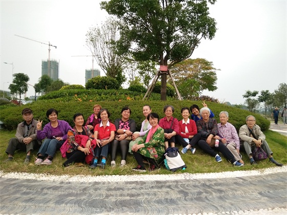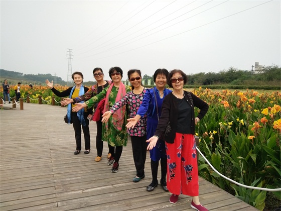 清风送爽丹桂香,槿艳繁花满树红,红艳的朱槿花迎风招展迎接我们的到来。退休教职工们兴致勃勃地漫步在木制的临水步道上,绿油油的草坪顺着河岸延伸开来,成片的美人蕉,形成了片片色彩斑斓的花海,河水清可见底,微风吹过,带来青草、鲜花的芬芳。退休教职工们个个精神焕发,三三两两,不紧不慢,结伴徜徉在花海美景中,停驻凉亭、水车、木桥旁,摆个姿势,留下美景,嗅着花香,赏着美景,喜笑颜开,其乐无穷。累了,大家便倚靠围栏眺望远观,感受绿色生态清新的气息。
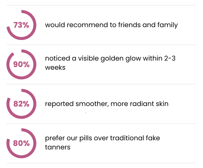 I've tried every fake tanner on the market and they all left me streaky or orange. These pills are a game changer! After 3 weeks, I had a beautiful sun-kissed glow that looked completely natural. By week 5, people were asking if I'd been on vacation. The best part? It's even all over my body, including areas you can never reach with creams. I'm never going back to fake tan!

◇ ◇ ◇ ◇

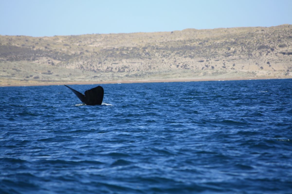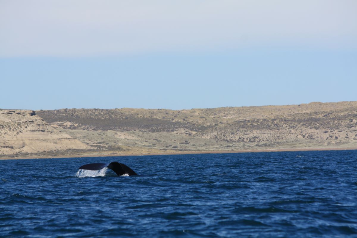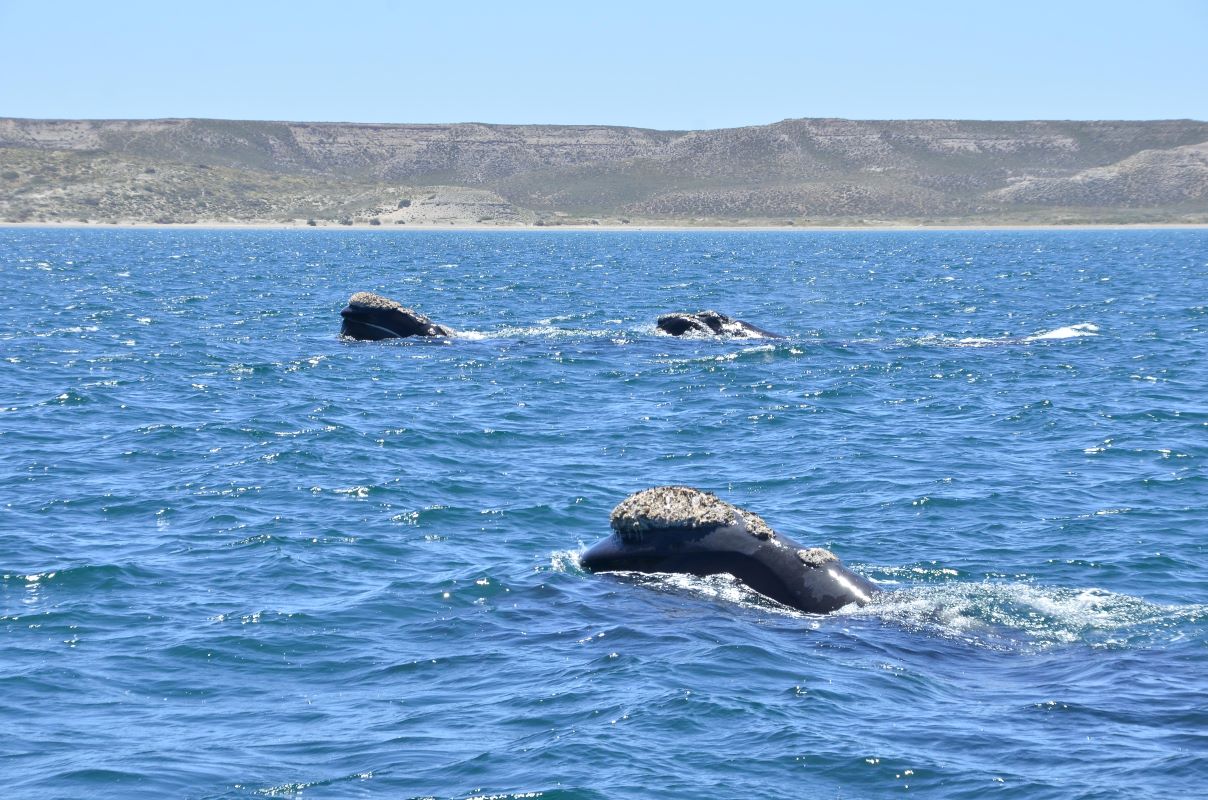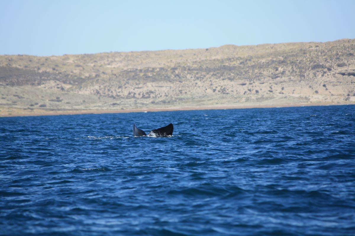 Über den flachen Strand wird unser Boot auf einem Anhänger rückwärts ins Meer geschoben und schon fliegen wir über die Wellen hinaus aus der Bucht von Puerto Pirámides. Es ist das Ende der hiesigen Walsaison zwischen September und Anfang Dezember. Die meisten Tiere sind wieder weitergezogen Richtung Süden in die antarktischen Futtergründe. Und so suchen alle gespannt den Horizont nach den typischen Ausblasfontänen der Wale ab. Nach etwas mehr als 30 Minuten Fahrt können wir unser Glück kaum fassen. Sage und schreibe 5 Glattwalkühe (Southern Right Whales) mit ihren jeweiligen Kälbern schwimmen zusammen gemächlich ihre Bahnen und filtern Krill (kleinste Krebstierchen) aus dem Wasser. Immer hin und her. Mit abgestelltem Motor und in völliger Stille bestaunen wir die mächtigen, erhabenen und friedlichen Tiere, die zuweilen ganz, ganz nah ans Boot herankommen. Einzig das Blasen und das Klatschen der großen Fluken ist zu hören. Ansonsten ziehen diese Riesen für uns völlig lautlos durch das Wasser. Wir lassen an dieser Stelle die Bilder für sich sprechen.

◇ ◇ ◇ ◇

**What to produce**
Here the job is to copy the stretch of records from the line containing "清风送爽丹桂香,槿艳繁花满树" through the line containing "I've tried every", word for word. Leave every picture out.

**Final answer**
 清风送爽丹桂香,槿艳繁花满树红,红艳的朱槿花迎风招展迎接我们的到来。退休教职工们兴致勃勃地漫步在木制的临水步道上,绿油油的草坪顺着河岸延伸开来,成片的美人蕉,形成了片片色彩斑斓的花海,河水清可见底,微风吹过,带来青草、鲜花的芬芳。退休教职工们个个精神焕发,三三两两,不紧不慢,结伴徜徉在花海美景中,停驻凉亭、水车、木桥旁,摆个姿势,留下美景,嗅着花香,赏着美景,喜笑颜开,其乐无穷。累了,大家便倚靠围栏眺望远观,感受绿色生态清新的气息。
 I've tried every fake tanner on the market and they all left me streaky or orange. These pills are a game changer! After 3 weeks, I had a beautiful sun-kissed glow that looked completely natural. By week 5, people were asking if I'd been on vacation. The best part? It's even all over my body, including areas you can never reach with creams. I'm never going back to fake tan!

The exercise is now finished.